Task objective –
When writing out the entries below, keep only the lines from the line with "стильный повседневный образ: шуба, кардиган, джинсы" to the line with "5月28日 ,扶贫四组成员前", both included, exactly as they are, and leave the pictures aside.

Information supplied –
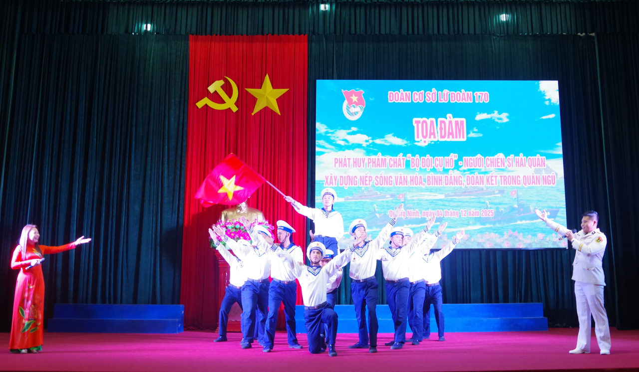HQ Online - Tối 4/12, tại phường Hà Tu, tỉnh Quảng Ninh, Đoàn cơ sở Lữ đoàn 170, Vùng 1 Hải quân tổ chức toạ đàm với chủ đề: “Phát huy phẩm chất Bộ đội Cụ Hồ - Người chiến sĩ Hải quân, xây dựng nếp sống văn hóa, bình đẳng, đoàn kết trong quân ngũ”. Đại tá Nguyễn Đình Mạnh, Bí thư Đảng ủy, Chính ủy Lữ đoàn dự và chỉ đạo.
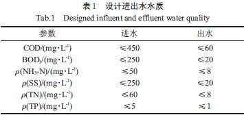 本工程設(shè)計水量為65 m3/d,24 h 運行。出水水質(zhì)執(zhí)行城鎮(zhèn)生活污水處理廠污染物排放標準(GB 18918-2002)一級B 標準。進出水水質(zhì)如表1 所示。
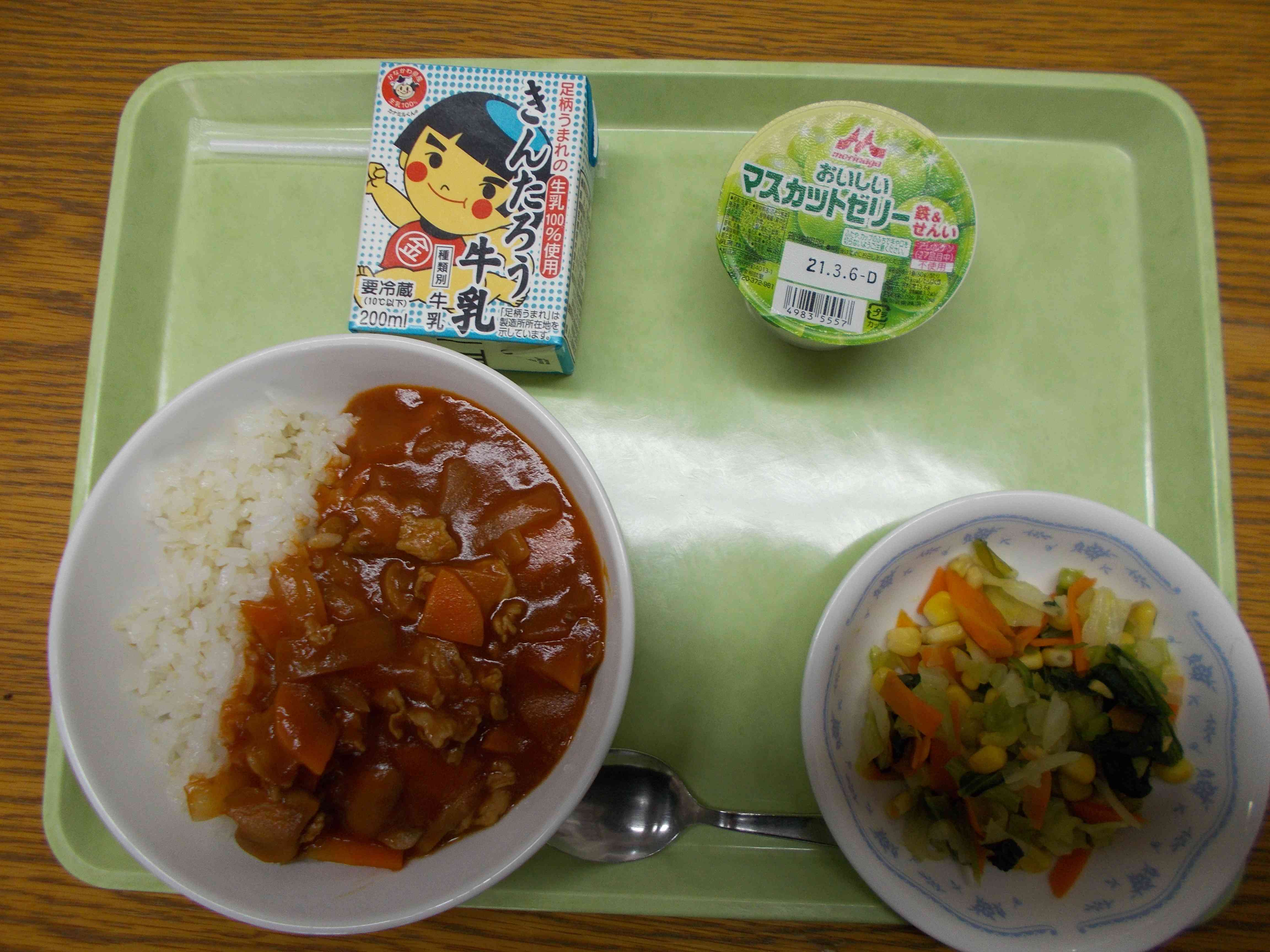 【メニュー】 ハヤシライス 牛乳 カラフルソテー マスカットゼリー 【栄養教諭から】 今日は短縮日課のため、パッパと食べられるハヤシライスです。給食室でルウから作るハヤシライスは絶品です。給食でよく出るマスカットゼリーにはFe(鉄分)などの普段取りにくい栄養素がプラスされています。
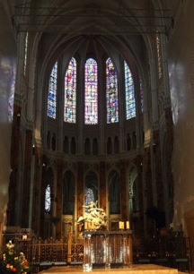 Chartres Cathedral is a French Gothic architecture.  It is located in the medieval town of Chartres.  The stained glass windows were so beautiful it drew sighs of admiration.
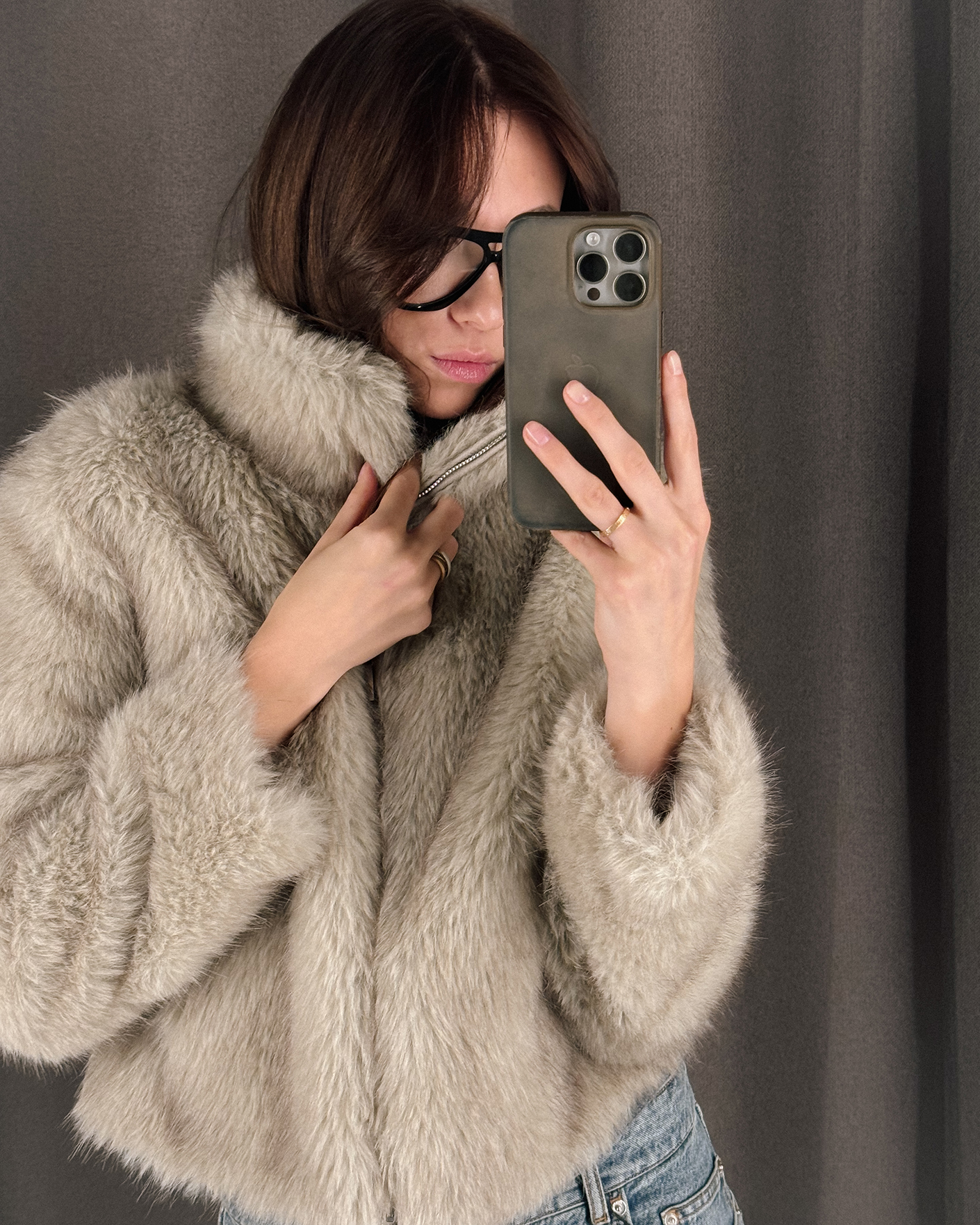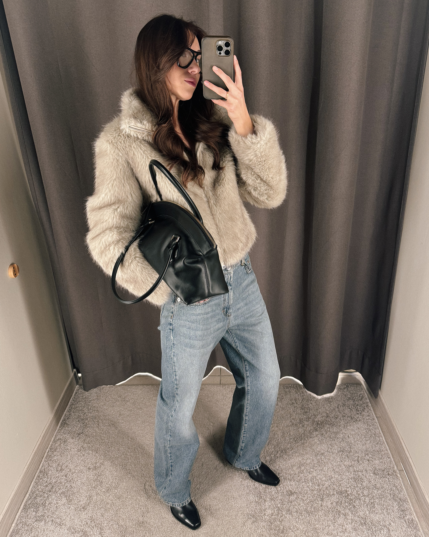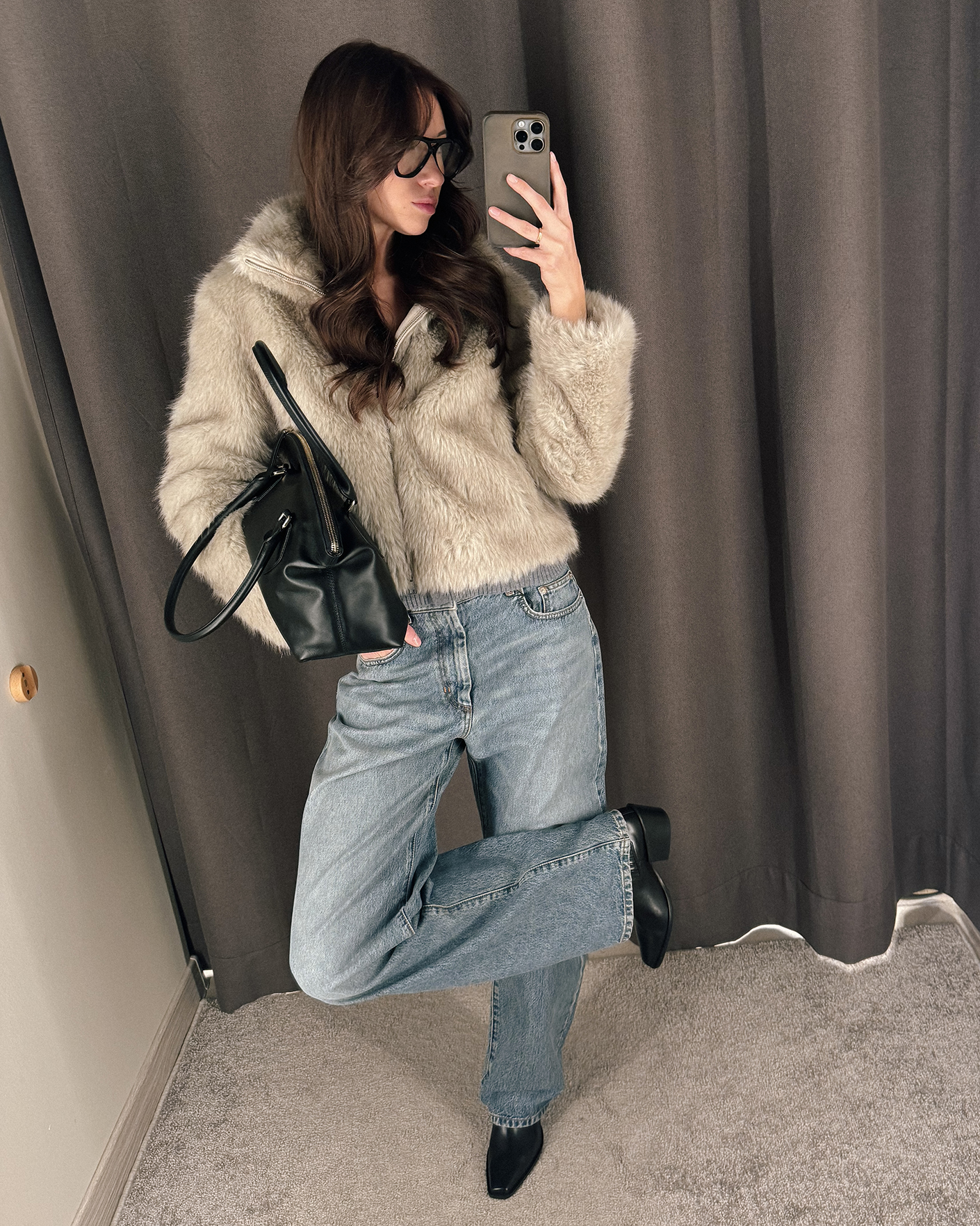 стильный повседневный образ: шуба, кардиган, джинсы
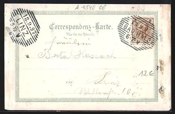 gelaufen 1897, rückseitig Oberflächenschaden, guter Zustand
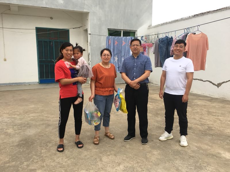5月28日 ,扶贫四组成员前往刘桥镇火神庙村张云龙、黄景玉两户贫困家庭走访,为贫困儿童送去了“六一”的关怀,提供了衣物、书籍和夏季驱蚊用品,让他们能够安心学习,快乐成长;同时为黄景玉老人送去了药品和夏季驱蚊用品,与老人聊聊家常,并温馨提醒老人天气炎热,注意防暑。
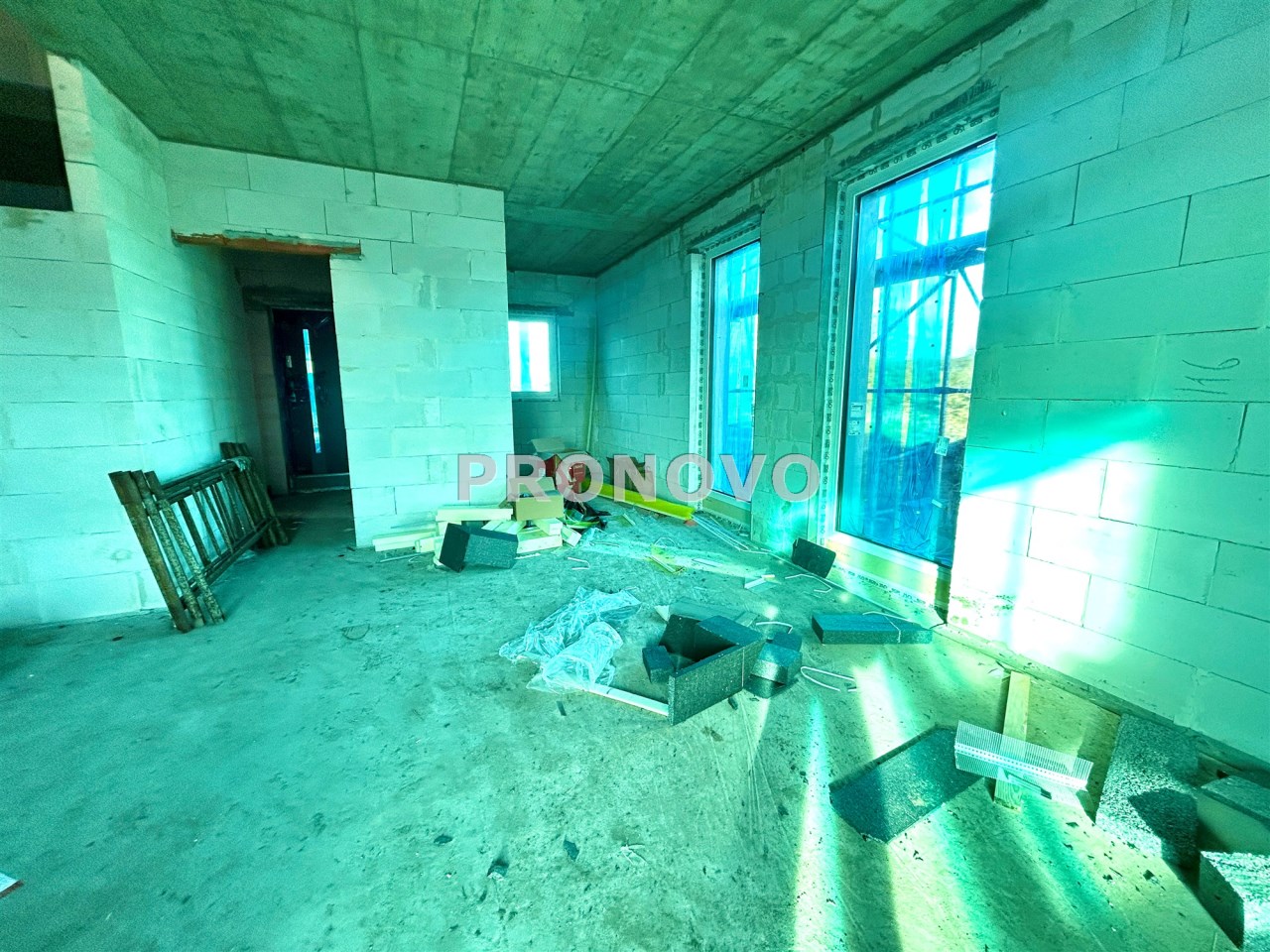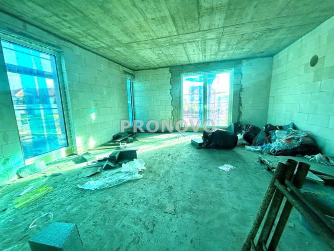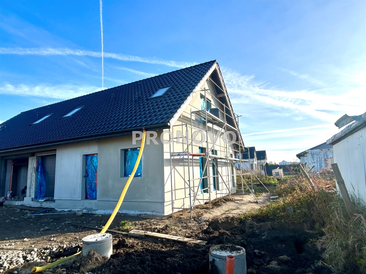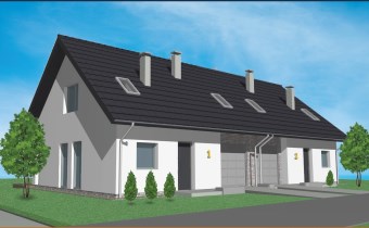 Dom jednorodzinny dwulokalowy w zabudowie bliźniaczej, na na działce 425 m2, o powierzchni użytkowej 130m2 powierzchni użytkowej. W projekcie podwójna ściana z dylatacją między sąsiadami co jest wymagane w zabudowie bliźniaczej a czego nikt z deweloperów nie stosuje w przypadku budynków dwulokalowych. Dostępne media: prąd, woda z wodociągu miejskiego, pompa ciepła, szambo.  Budynki w stanie deweloperskim z elewacją i mediami doprowadzonymi do budynku.  Budynki w tracie wykańczania, do wydania w I kwartale 2026 roku

Exercise answer –
 стильный повседневный образ: шуба, кардиган, джинсы
 gelaufen 1897, rückseitig Oberflächenschaden, guter Zustand
5月28日 ,扶贫四组成员前往刘桥镇火神庙村张云龙、黄景玉两户贫困家庭走访,为贫困儿童送去了“六一”的关怀,提供了衣物、书籍和夏季驱蚊用品,让他们能够安心学习,快乐成长;同时为黄景玉老人送去了药品和夏季驱蚊用品,与老人聊聊家常,并温馨提醒老人天气炎热,注意防暑。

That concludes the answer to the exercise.